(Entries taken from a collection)
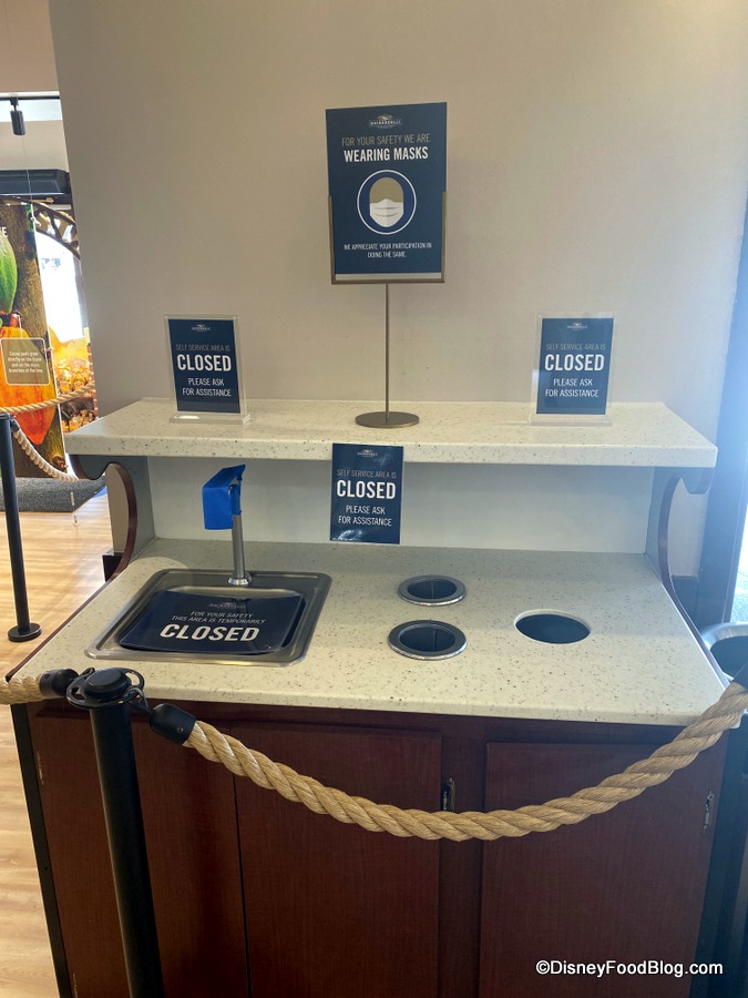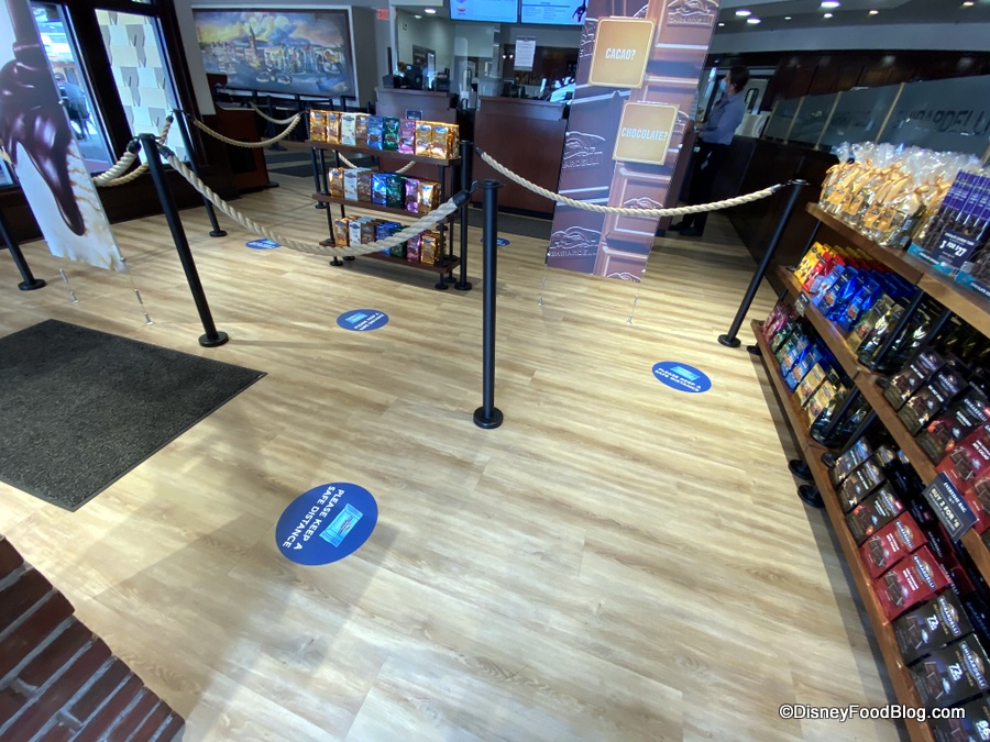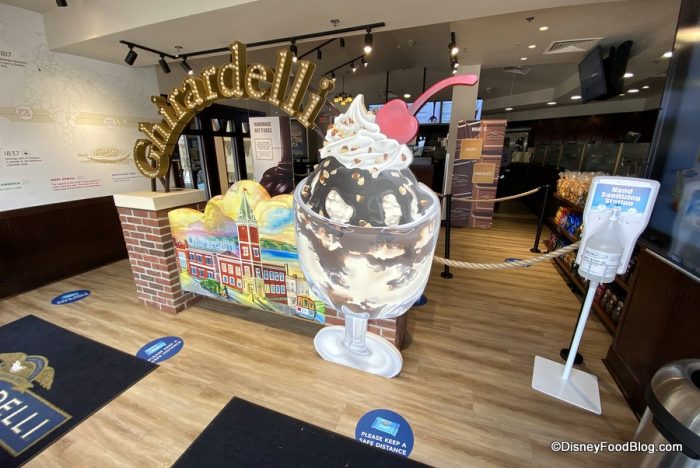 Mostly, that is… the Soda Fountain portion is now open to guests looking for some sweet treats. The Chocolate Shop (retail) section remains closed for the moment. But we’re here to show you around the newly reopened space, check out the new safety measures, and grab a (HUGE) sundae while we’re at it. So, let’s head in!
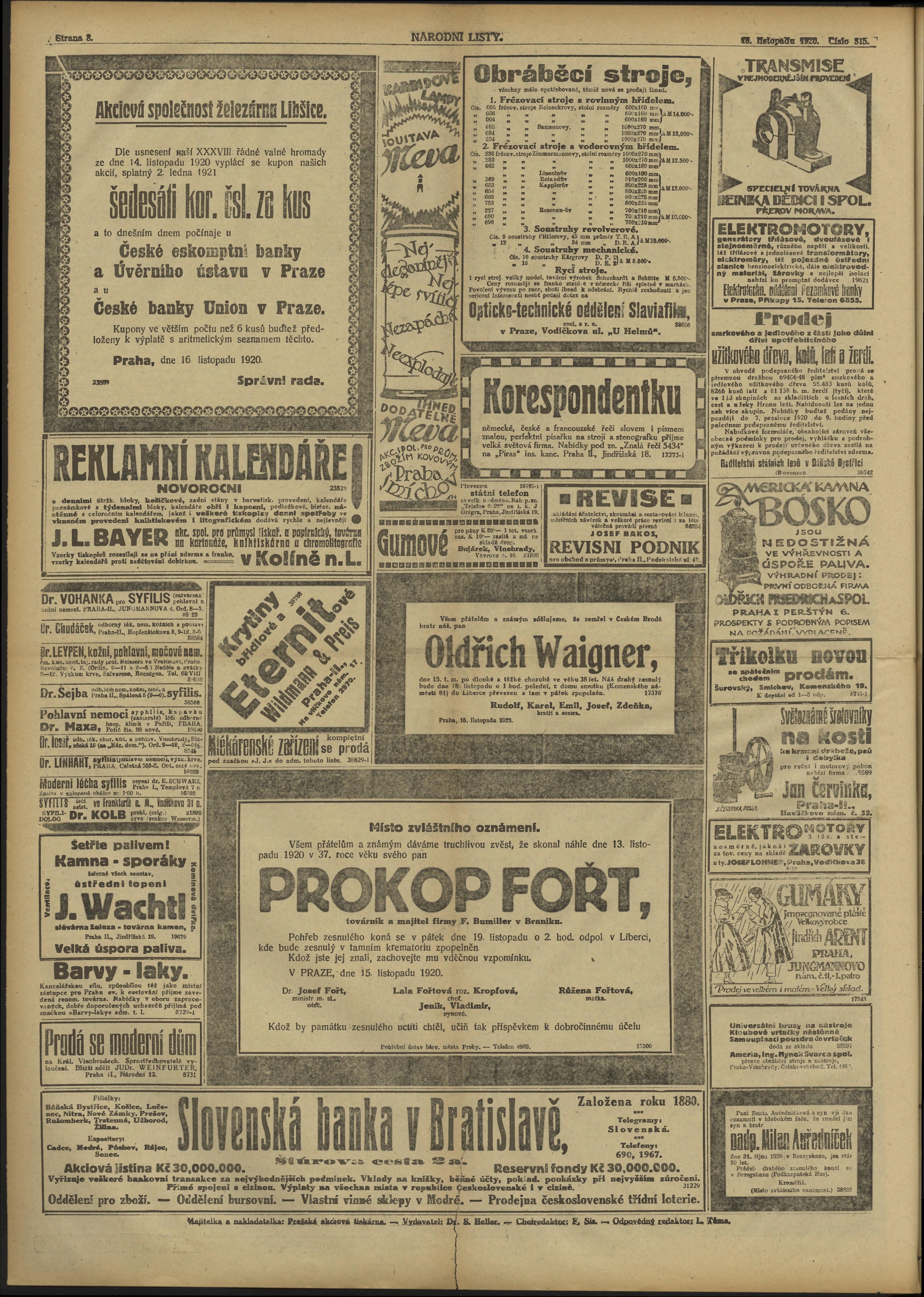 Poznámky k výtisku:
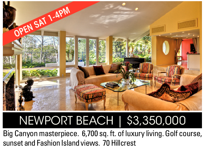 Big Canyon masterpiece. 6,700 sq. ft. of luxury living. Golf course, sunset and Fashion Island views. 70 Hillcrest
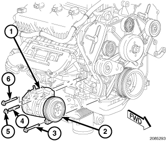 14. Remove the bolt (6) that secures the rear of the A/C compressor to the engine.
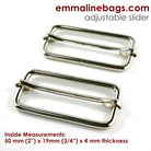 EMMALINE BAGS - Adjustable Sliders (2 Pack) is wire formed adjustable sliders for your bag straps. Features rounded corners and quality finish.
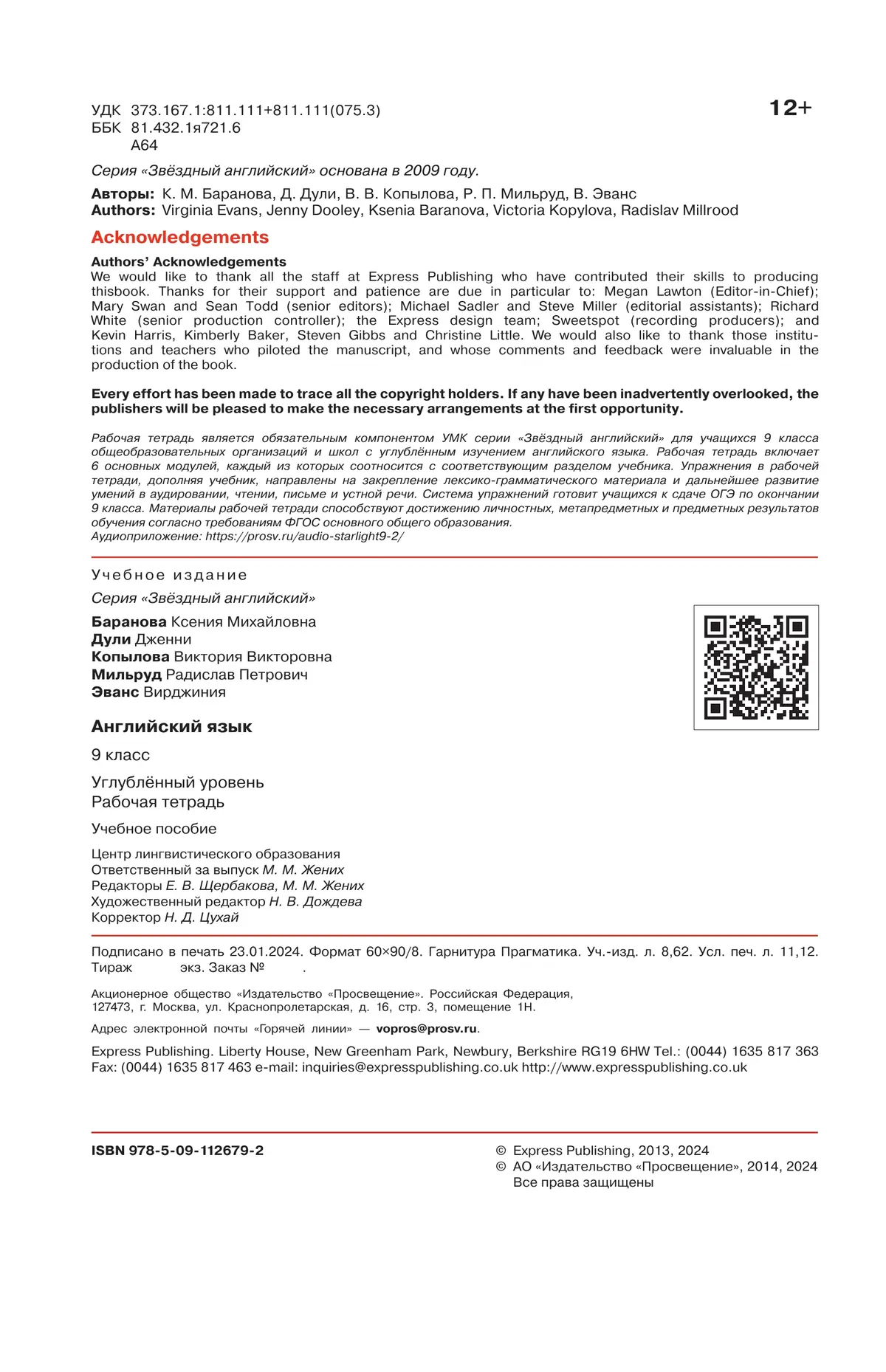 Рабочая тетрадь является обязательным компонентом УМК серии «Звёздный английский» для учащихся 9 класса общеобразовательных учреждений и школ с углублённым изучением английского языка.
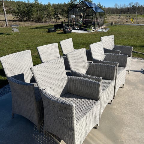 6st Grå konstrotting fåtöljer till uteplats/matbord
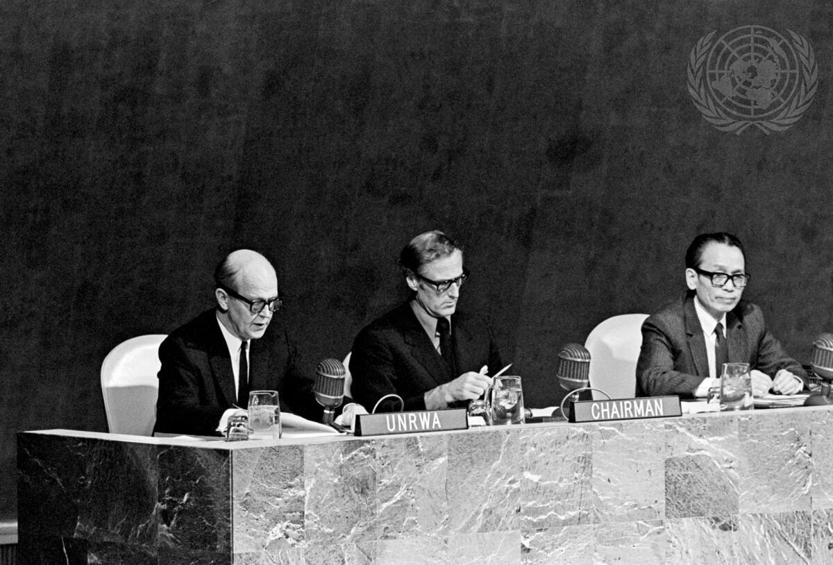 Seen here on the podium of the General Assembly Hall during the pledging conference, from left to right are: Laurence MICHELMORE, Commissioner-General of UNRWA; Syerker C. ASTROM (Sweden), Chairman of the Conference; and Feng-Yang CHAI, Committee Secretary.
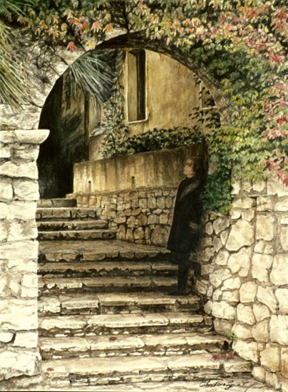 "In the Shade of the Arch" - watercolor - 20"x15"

→ **Exercise requirements**
With the pictures left out, please output each line from the one containing "Seen here on" through the end of the entries, exactly as it is.

→ **Reply to the exercise**
 Seen here on the podium of the General Assembly Hall during the pledging conference, from left to right are: Laurence MICHELMORE, Commissioner-General of UNRWA; Syerker C. ASTROM (Sweden), Chairman of the Conference; and Feng-Yang CHAI, Committee Secretary.
 "In the Shade of the Arch" - watercolor - 20"x15"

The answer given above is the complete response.